Aconteceu faz anos, num tempo em que até a criminalidade era mais ingênua. Conheci o personagem, mas nomes, lugares e datas não importam. No início o negócio parecia bom. Venda de comida congelada no varejo. Começou a ganhar dinheiro e o olho cresceu. Pegou empréstimo em banco, investiu pesado, ampliou o estoque. Mas logo passou a sofrer com a concorrência numerosa e hábil. Quebrou. Endividado, teve a idéia de aplicar sozinho um golpe que viria a ser conhecido como o seqüestro mais burro da crônica policial do estado.
A primeira etapa correu bem. Arrumou uma arma, rendeu um ricaço local e o levou para o cativeiro numa casa dos arredores. A partir daí as trapalhadas se sucederam. Ele escrevia bilhetes de próprio punho nas negociações. Ligava para a família do refém sempre do mesmo telefone público e ficava um tempão conversando - era um sujeito vaidoso e loquaz, não gostava que o interrompessem quando estava falando. Detalhe: o orelhão ficava pertinho do lugar do cativeiro. E mais: estacionou o carro do sequestrado no pátio da frente da casa, com a placa visível a quem passasse pela rua e desse uma olhada pelo portão gradeado.
Chegou o momento decisivo, o pagamento do resgate. Por comodidade, combinou um lugar prático para a entrega do dinheiro: um latão de lixo na calçada da casa da mãe dele. O resultado foi previsível. A polícia o pegou em flagrante. Preso, teve a sorte de não ir direto para a penitenciária, que estava lotada até a tampa. Ficou aguardando julgamento numa casa de detenção provisória, até que um dia conseguiu fugir pela porta da frente - possivelmente depois de generosa doação de sua família aos carcereiros, pois é improvável que um plano de fuga de sua lavra tivesse qualquer chance de êxito.
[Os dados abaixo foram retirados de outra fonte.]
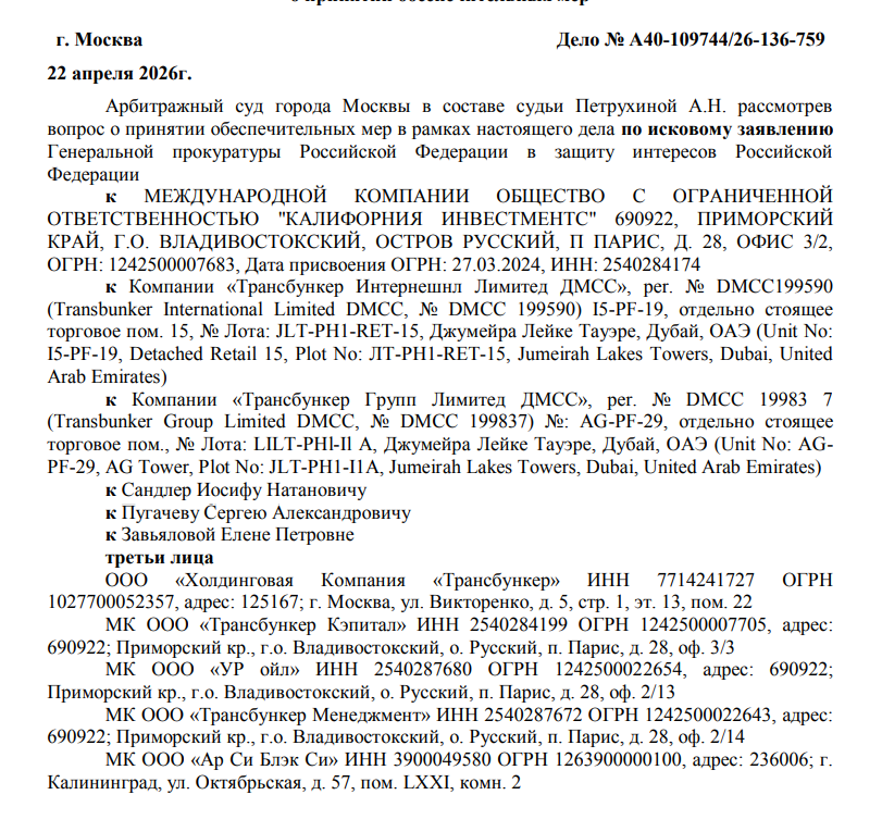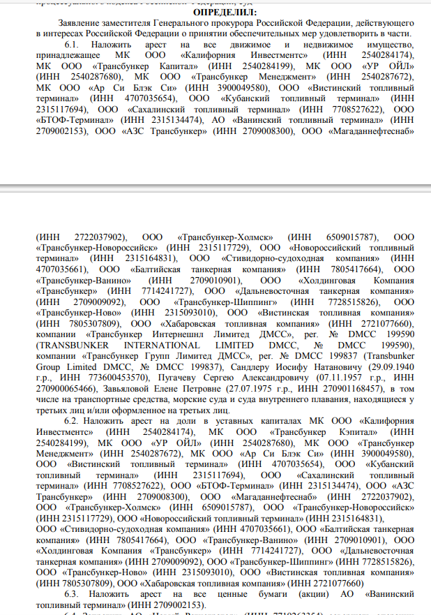 Арбитраж Москвы 5 июня рассмотрит иск Генпрокуратуры к ванинским топливным олигархам из дивизиона нефтеперевалочного предприятия «Трансбункер» - Сергею Пугачеву и Иосифу Сандлеру, которые создали выводную кубышку с многочисленными офшорами и кипрскими юрлицами. Прокурор оспаривает некие сделки и, вероятно, будут применены последствия. Пока не ясно, какие из активов требуют передать на баланс государства, но наличие в деле многочисленных иностранных юрлиц на это намекает. Более того, наложены аресты на десятки фирм, включая акции АО «Ванинский топливный терминал».

Livre, num raro lampejo de inteligência, intuiu que sua carreira criminosa não teria futuro. Zarpou para o exterior, onde vive até hoje, casado e com filhos. Se colocar de novo os pés no Brasil, imagino que será condenado a ver filmes policiais e ler romances de Agatha Christie por dez anos até deixar de ser burro. Woody Allen adoraria filmar a vida desse cara.